The Juvenile Detention Centers' Association of Pennsylvania (JDCAP) has for four years worked on a project, funded by the Pennsylvania Commission on Crime and Delinquency, to study the effectiveness of the MAYSI-2.

According to a report written by Dr. Elizabeth Cauffman, who has worked as a research consultant for the JDCAP's project, "the MAYSI-2 is intended to serve primarily an 'alerting function' to provide juvenile justice staff with a method of identifying youths in possible need of more in-depth assessments who might otherwise go unnoticed or untreated."

Based on their answers to yes-or-no questions in seven categories, youths are determined to be either below or above certain cut-offs of risk levels. Youths either are determined to be at no risk, in the "Caution" category or in the "Warning" category. The seven categories the MAYSI-2 tests are alcohol/drug use, angry-irritable, depressed-anxious, somatic complaints, suicide ideation, thought disturbance and traumatic experiences.

According to Melissa Valentine, the director of the mental health project at JDCAP, detention centers in Pennsylvania are required to follow up with any youth that falls into the caution or warning categories. Depending on the resources available to the detention center, appropriate treatment is then identified.

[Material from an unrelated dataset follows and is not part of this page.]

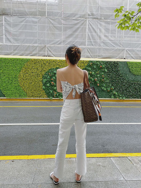 在搭配上,建议尽量避免短裤、短裙,因为上下半身都在露肤反而缺少高级感。更应该选长款裤装,让上下半身有包裹和裸露的反差性。

Four years into the project, Pennsylvania has a solid sense of the number of youths in the justice system that ought to receive treatment. For example, about 35 percent of girls in juvenile justice think about suicide, compared to just under 20 percent of boys. And 55 percent of girls were determined to be depressed or anxious, compared to 35 percent of boys.

The next step for the JDCAP is to continue to devise ways in which the numbers can be used to provide better treatment. According to Valentine, the professors who developed the MAYSI-2 are in the process of studying the impact that the tool has had and the ways to use it to provide better services.

While states like Michigan and Pennsylvania plan for reform and test new tools, advocates like McParland continue to apply the pressure. And MACED is playing a role in advocating for that change as well. They have recently begun a program, funded by the W.K. Kellogg Foundation, to, according to a recent press release, "identify and advocate for needed reforms."

They are studying detention facilities around the state and analyzing public policy. "They have an important voice," said MacKenzie, "to tell government what it needs to do."

And armed with the results of the mental health commission's report, they're doing it.